How strangely a matter of fate it is that the first album recorded live in San Francisco should be at the Fillmore Auditorium, that it should be of Chuck Berry who created this all and that he should be backed up by a group of musicians who have learned it from him, grown up and migrated to San Francisco to breathe new life into what Berry and all of them laid down so many years ago.
The promotion man laid a slightly defective copy of it on us, so we can’t hear all of Bill Graham’s spoken introduction, but, then, that’s fate too. Facts: the album was done over a six-day period this summer. The personnel of the Miller Band at that time included Curly Jim Cooke who has since left the group. Chuck Berry: do you really know all about him?
Unfortunately this album does not tell us much. Berry has already recorded one re-make of his great hits and it was poor. If you’re looking for the Chuck Berry standards, the album you must get is a two record set with 24 songs Chuck Berry’s Golden Decade,.
Berry was wise not to attempt a live re-creation of his standards. Since his limited return to show-biz, though, he has not come up with any singularly new material. What he did was great, but since that time the generation that he raised has learned well and, as he would no doubt applaud, moved far ahead. Consequently, what is new on the record is not interesting as material; the style is familiar but old, and since Berry — one of the most original guitarists of his time — never was and still isn’t a very good technician, the guitar playing is just not very interesting.
On this record Berry pretty much sticks to Chicago style blues.
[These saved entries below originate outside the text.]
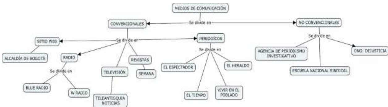
Figura 1. Mapas medios de comunicación convencionales y no convencionales utilizados para la extracción de información.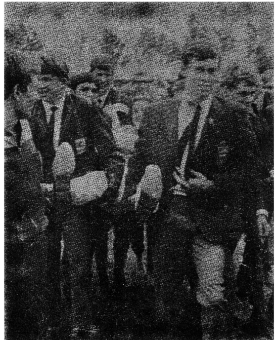
Ontvoering van die Afrikaanse Hoerskool se dirigent tydens die inwyding van A.H.S. se nuwe paviljoen vroeg in die eerste kwartaal.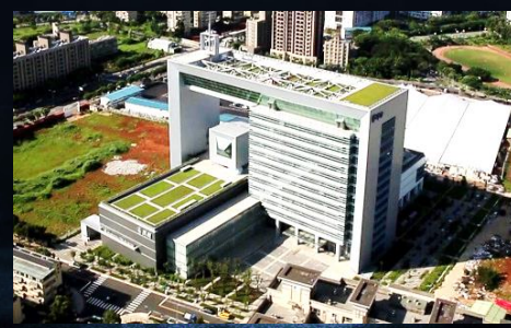
民視林口數位媒體總部大樓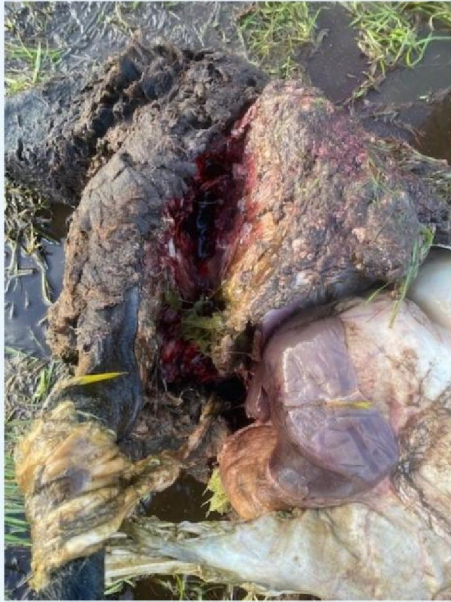
detail schaap 3.jpg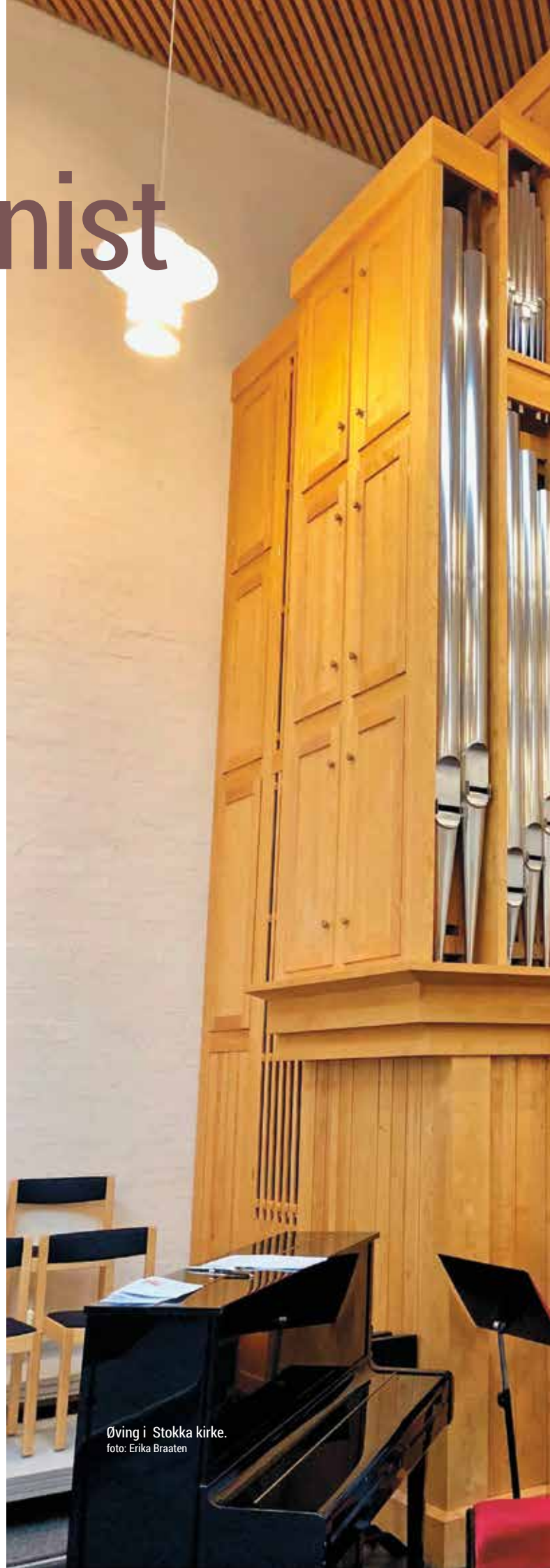
Øving i Stokka kirke.

Et av delmålene til PIO er å bidra til rekrutting til utdanning og yrkesliv som kirkemusiker i Den norske kirke. Dette passer Solveig godt. Siden hun var liten har hun trivdes godt i kirken, og har lenge hatt lyst til å utdanne seg til et yrke med kirken som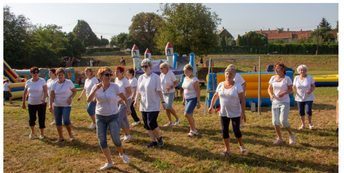
Nagy sikere volt a No(é) miccsoda Élménytánc Egyesület rendhagyó táncórájának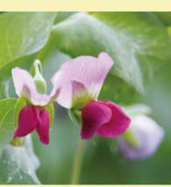
サイエントウの花

▼堀部安兵衛の縁で墨田区との交流が続いている。先方から、かつての新発田藩下屋敷跡地に建つ中和小学校の「秋フェスティバル」で新発田の物産販売を頼まれた。来年は新発田の安兵衛ゆかりの地を回りたいそうだが300年も前の赤穂浪士の史実が人形浄瑠璃「仮名手本忠臣蔵」となり、歌舞伎に移されて評判を呼び、江戸時代後期からは浪曲・講談の題材として、安兵衛の気持は不動のものとなった。芸術・文化のちからは大きい▼歌舞伎といえば「近江源氏先人館」(通称・盛綱陣屋)も時代物の名作だ。鎌倉時代、源頼家・実朝兄弟が敵対して戦ったのに従って、佐々木盛綱・高綱兄弟も敵味方に分かれて戦う。主君への忠か兄弟愛かの板挟みで…との物語で、中村吉右衛門の当たり役だ▼史実はもちろん物語とは異なる。兄弟はともに源頼朝に従った。盛綱は源平合戦・藤戸の戦いで先陣を切って平家に勝利した武将だ。「平家物語」で語られ、謡曲「藤戸」になった。盛綱はのちに越後加地荘の地頭となり、その子孫たちが近隣を治めた。加地城や藤戸神社はその遺跡だ▼岡山県倉敷にはいわば本家というべき藤戸神社があるが、先日「藤戸合戦保存振興会」の一行5人が新発田市を訪れ、それに先立って新発田市からも倉敷を訪問した。ここでも、歴史と歌舞伎を仲立ちとした交流が始まった。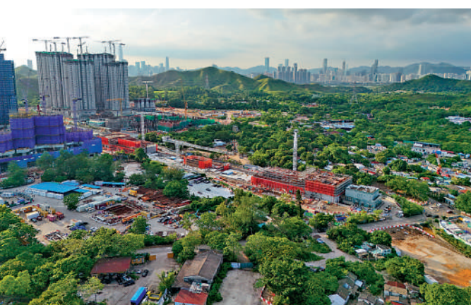
▲北都將會是香港未來房屋供應的主要來源，預計可提供約50萬個新住宅單位。圖為古洞站發展範圍。

的青少年都有廣闊空間盡展所長。在託兒服務方面，政府會根據以人口為基礎的規劃比率，為每25000人口預留空間提供100個資助幼兒中心服務名額，以配合北都新發展區人口遷入所帶來的服務需求。在青少年支援方面，政府亦會為每12000名屬於6至24歲年齡組別的兒童/青年規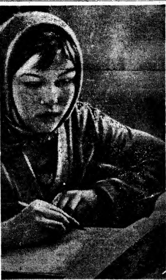
ДОМАШНЕЕ СОЧИНЕНИЕ. Фотоэтиюд Б. СТРОНГИНА.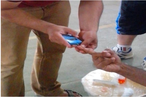
صورة (٨) قراءة الجهاز لعينة الدم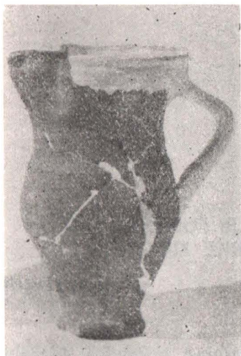
Fig. 1. Vas de lut, descoperit într-un mormânt la Cetățeni (secolul XIV)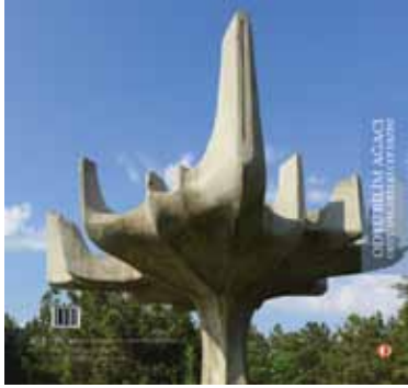
ODTÜ DEĞERLERİ CEP DİZİSİ ODTÜ BİLİM AĞACI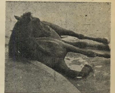
הסוס הפצוע הט עמדו והביטו

הבינו השוטרים כי המקרה שלפניהם הוא רציני ויש לטפל בו כראוי ולהביאו בפני שופט כדי שיקבע, שהאיש אינו שפוי בדעתו, ואז יוכל השופט לקבוע, שיש מקום לתת לאדם טיפול רפואי, היינו בית חולים. לא מן הנמנע שיימצא מקום במוסד — ואז יהיה הכל בסדר והאיש בלי שם ובלתי כתובת יקבל במקום שם — מספר, וכתבתו תהיה: בית החולים. צריך היה להביא את האיש בליישם בפני שופט והנה הוא מסרב להתלבש.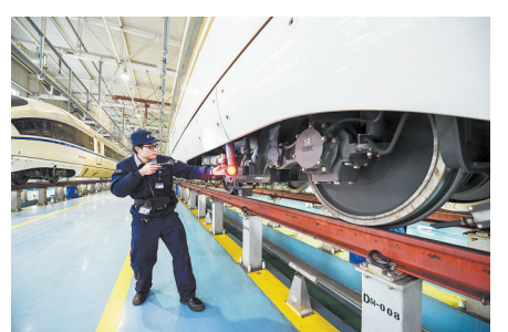
春运大幕即将开启

挥先发优势的引领型发展。三是要积极推动城乡区域协调发展,优化现代化经济体系的空间布局,实施好区域协调发展战略,推动京津冀协同发展和长江经济带发展,同时协调推进粤港澳大湾区发展。乡村振兴是一盘大棋,要把这盘大棋走好。四是要着力发展开放型经济,提高现代化经济体系的国际竞争力,更好利用全球资源和市场,继续积极推进“一带一路”框架下的国际交流合作。五是要深化经济体制改革,完善现代化经济体系的制度保障,加快完善社会主义市场经济体制,坚决破除各方面体制机制弊端,激发全社会创新创业活力。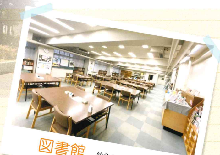
図書館 約24,000冊の蔵書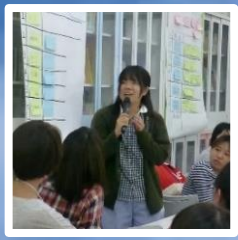
妊娠中からの虐待予防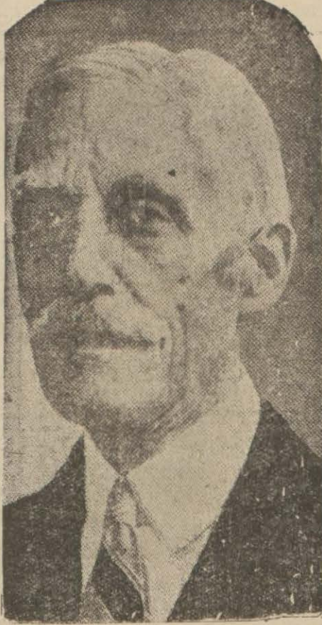
Avrupaya gelen Amerika Maliye Nazırı M. Mellon

Çünkü, nihayet... Bütün arzularımı tatmin etmek.. Ben de bunu isterdim, mes'ut bir kadın olmadığımı hissediyordum. Bir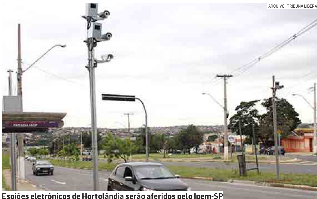
Espiões eletrônicos de Hortolândia serão aferidos pelo Ipem-SP

Diariamente, o Ipem-SP realiza a verificação metrológica dos radares, instrumentos utilizados para medir e registrar velocidade destinados ao monitoramento do trânsito, em todo o Estado de São Paulo. Conforme a Portaria Inmetro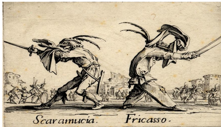
4. Jacques Callot, Balli di Stessania, Scaramucia — Fricasso (1621-1622).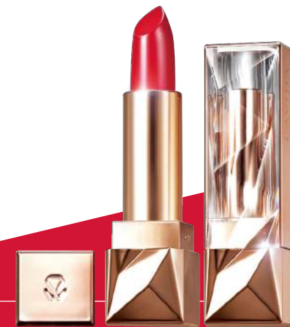
16호 도발레드 라비다 루미너스 솔루션 쉬머리프트™ 립스틱 30,000원

Lip 라비다 루미너스 솔루션 쉬머리프트™ 립스틱 16호 도발레드를 풀발색으로 바르되 라인은 흐트러지듯 발라준다.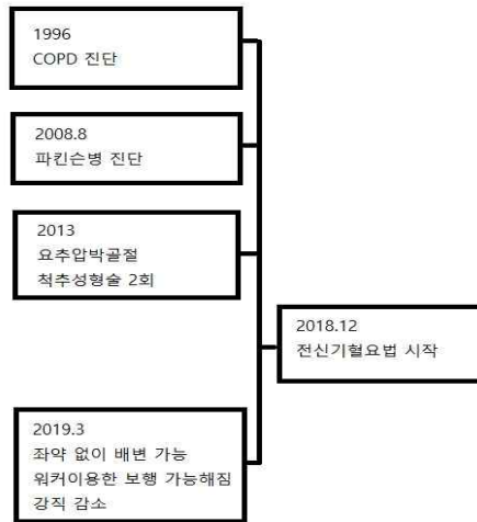
Fig. 2. Timeline of the patient.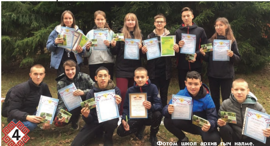
Фотом школ архив гыч налме.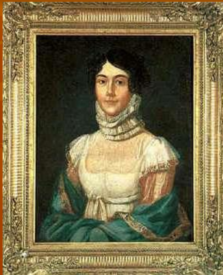
Ю.П.Лермонтов. М.М.Арсеньева (Лермонтова).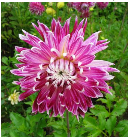
Vancouver, fleur de chrysanthème, sport pourpre d'Akita en rouge et or et frère de Vanaka en jaune panaché de rouge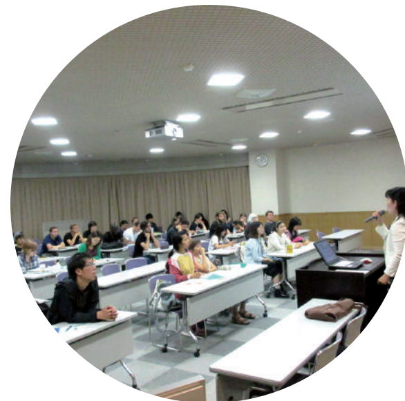
体験旅行へ行く前には、関連の講義が開かれます。 Before each cultural experience field trip, a related seminar is held.

In the fall semester of 2016, Maple Program students could choose from a total of 150 electives. In the spring semester close to another 150 electives were provided. On top of that, day trips and two-day excursions are organized as a part of the Special Seminar on Japanese Language and Culture. Such opportunities to experience Japanese society help you deepen your intercultural understanding. Furthermore, you can always rely on your Japanese tutor, a fellow Osaka University student, who will support you throughout the year. If you wish to specialize in Japanese language and culture, all these elements combined make the Maple Program the perfect course to pursue your academic goals.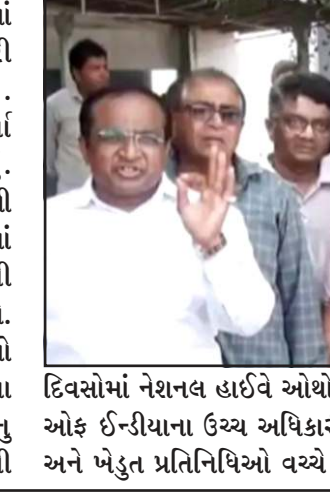
દિવસોમાં નેશનલ હાઈવે ઓથોરીટી ઓફ ઈન્ડિયાના ઉચ્ચ અધિકારીઓ અને ખેડુત પ્રતિનિધિઓ વચ્ચે એક

વિરોધ અને હોબાળાને જોતા હાલમાં સર્વિસ રોડની તમામ કામગીરી અટકાવી દેવામાં આવી છે. અધિકારીઓને કોઈપણ કામ કર્યા વિના જ પરત ફરવું પડ્યું હતું. ખેડુતોએ સ્પષ્ટ ચેતવણી આપી હતી કે જો તેમના હિતમાં નિષ્ણય લેવામાં નહી આવે તો તેઓ આગામી સમયમાં આંદોલન વધુ ઉગ્ર બનાવશે. આ ઘટના બાદ તંત્ર અને ખેડુતો વચ્ચે મડાગાંઠ સર્જાઈ છે. સુત્રોના કહેવા પ્રમાણે વળતરના પ્રશ્નોનું નિરાકરણ લાવવા માટે આગામી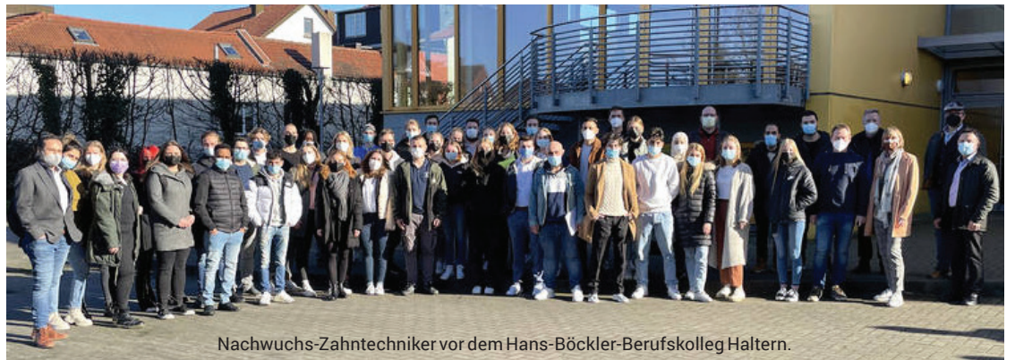
Nachwuchs-Zahntechniker vor dem Hans-Böckler-Berufskolleg Haltern.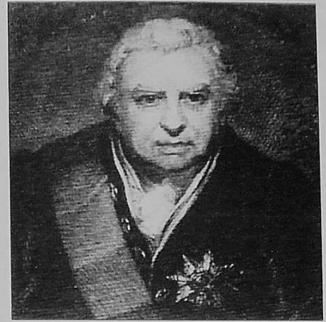
Joseph Banks (1744-1820)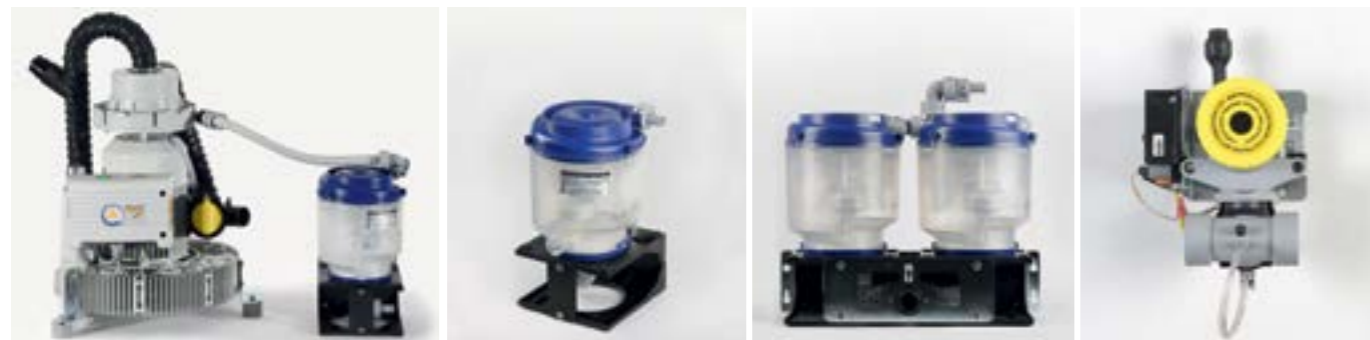
EXCOM hybrid 1 + ECO II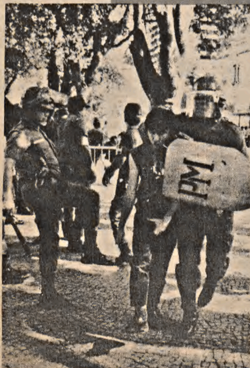
A covardia policial no leilão da USIMINAS.

A manifestação começou às 10:00h e decorreu pacificamente até às 12:30h, quando iniciou-se uma série de conflitos que se estenderam pela tarde inteira. Os manifestantes tentaram derrubar o cordão de isolamento feito pelas tropas de choque do governador "socialista", o fascista Brizola. A polícia começou espancando um homem e a reação foi imediata: uma chuva de pedras. Bombas de efeito moral e gás lacrimogênio, atitude porca e covarde da democracia fascista, mas os manifestantes resistiram.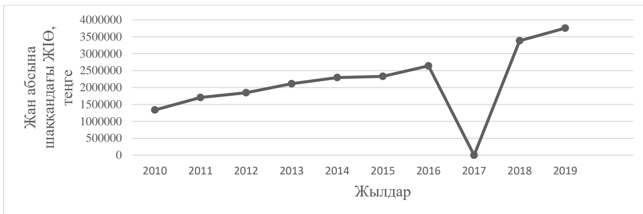
Сурет 2 – Қазақстанның 2010-2019 жылдар аралығындағы жан басына шаққандағы ЖІӨ

Ескерту: [3] негізінде автормен әзірленген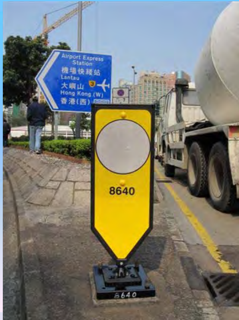
無照明裝置的反光安全島標柱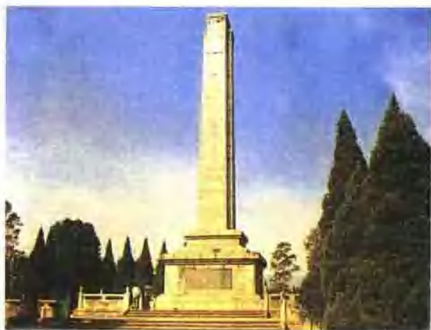
闽西革命烈士纪念碑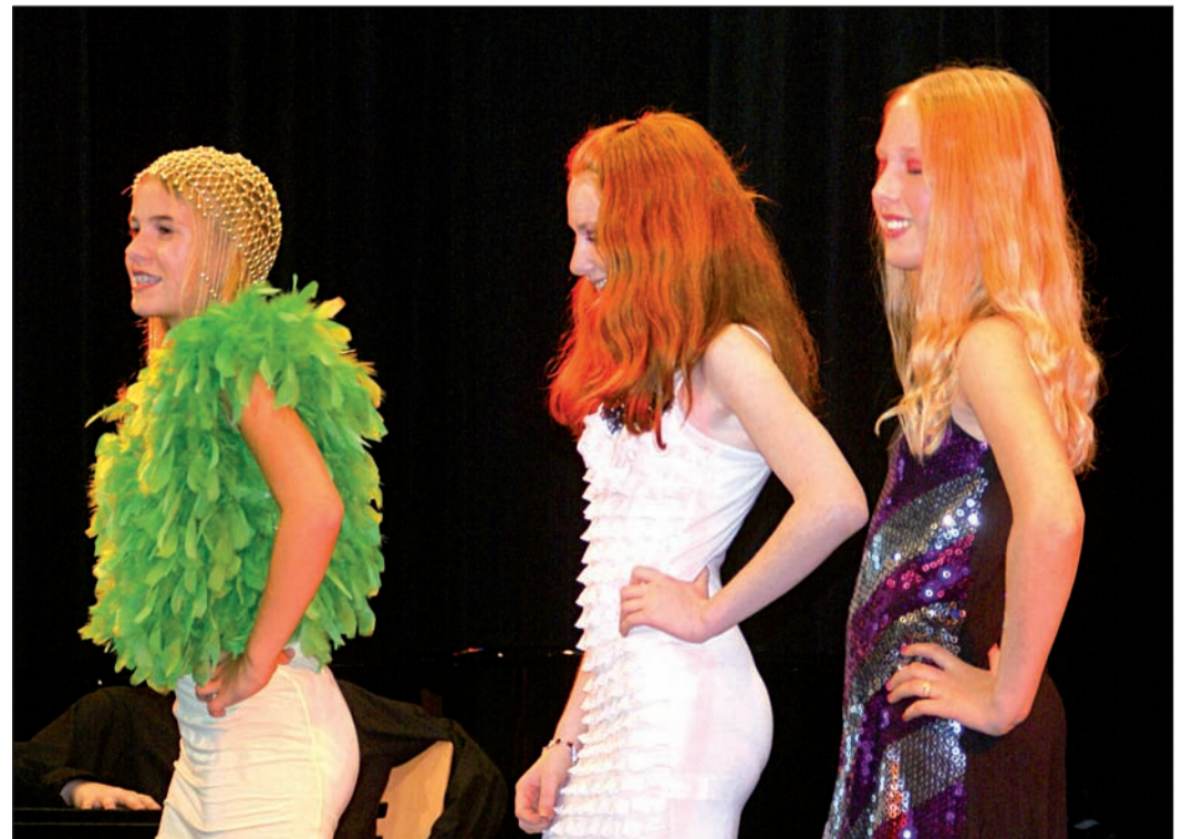
Fröhlich ging es zu bei der Casting-Show der Theatergruppe.

Seulberg (fw). Die Abteilung „Fitness und Gesundheit“ des TV Seulberg bietet ab dem 26. August einen neuen Kurs „Entspannung mit Yoga“ an. Der Kurs umfasst sieben Termine bis zum 7. Oktober und kostet 45 Euro (35 Euro für Vereinsmitglieder). Eine Mitgliedschaft im Verein ist nicht erforderlich. Der Kurs findet donnerstags von 9 bis 10.30 Uhr im Anbau der Hardtwaldhalle, Landwehrstraße 5a, statt. Die Mindestteilnehmerzahl beträgt acht Personen. Anmeldungen über die Geschäftsstelle des Vereins, Tel. 06172-764247, oder E-Mail info@tv-seulberg.de.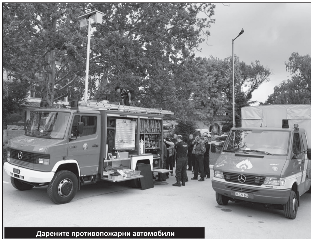
Дарените противопожарни автомобили

The most interesting cuts are the instrumentals where Berry applies his rock guitar to Chicago blues and the Steve Miller Band comes into the foreground.
“Driftin’ Blues,” is a Paul Butterfield Band-type number, and not badly done here. “It Hurts Me Too,” a duet with Steve, is the most successful of the tracks, although Steve seems to be pushing into the foreground. The closing track is a gas; the French goodbye which flashes into “Johnny B. Good” is so much a part of Berry’s ever-present beauty — the elegance, the aura, his own self-confidence and Johnny B. Good who is, in fact, Chuck Berry himself.
The main interest of the recording is in the backing and as a curiosity. If you judge the album on the basis of what’s happening today, the judgment isn’t favorable.